I've got to say that while I stood in line to vote, conversations around me were in support of Proposal M. One man, who looked to be in his 60s, said that he was on chemotherapy and he wanted to try it out. A woman who looked to be at least 50 said she was concerned about so many youngsters getting arrested. It's clear that we need a new approach to marijuana.
It seems to me that it would behoove the federal government to consider the will of the people nationally. Colorado voters passed Amendment 64 by 55 percent, and Washington state voters passed Initiative 502 by the same number. Colorado Attorney General John Suthers released a statement saying, "Despite my strongly held belief that the 'legalization' of marijuana on a state level is very bad public policy, voters can be assured that the Attorney General's Office will move forward in assisting the pertinent executive branch agencies to implement this new provision in the Colorado Constitution."
Gee whiz! Imagine having your state attorney general bow to the will of the people. I don't think Michigan Attorney General Bill Schuette considers the will of anyone but himself.
In the long run, it will be the federal reaction that defines this battle. Whatever that reaction is, it will probably be delayed. The Obama administration has plenty to deal with in the aftermath of the election — most prominently the economy, not to mention things like rescuing the East Coast after two major storms. Public opinion is far ahead of the politicians on the issue. The most reliable polls show that 50 percent of Americans support legalization and regulation of marijuana; support for medical marijuana is at 80 percent. The most important number is the 55 percent margin that voters in Washington and Colorado gave to legalization. Do the feds want to take on two states about this?

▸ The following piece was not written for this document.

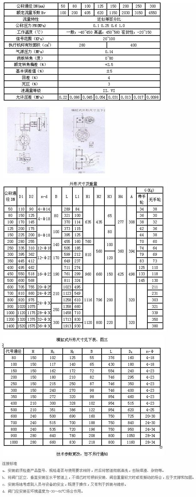 本系列產(chǎn)品有標(biāo)準(zhǔn)型、高溫型及密封型三種。產(chǎn)品公稱(chēng)壓力等級(jí)有0.1、0.25、0.6、1.0MPa,口徑由50mm至1400mm,泄漏量等級(jí)有II級(jí)和VI級(jí),流量特性為近似等百分比。

"The big question that's been asked all over the place is, of course: What will the feds do if the states keep moving forward?" says St. Pierre. "If the state licenses the cannabis, the federal government is largely leaving them alone. Colorado has seed-to-sale regulation. The feds are not giving them much grief. Compare that to California, where the state has not given the permission to selling marijuana in a regulated taxed way. That has left the state open for federal meddling. It looks like if the state sanctions them and there is a cooperative relationship between the industry and the state, the feds are not going into that hornets' nest. ... For 40 years a slow but sure run of states and large cities have been abandoning the federal policies. It's going to take a couple of more states to push the federal government into the corner."
We all know that animals are most dangerous when they are cornered. But this second Obama administration may be a different type of beast.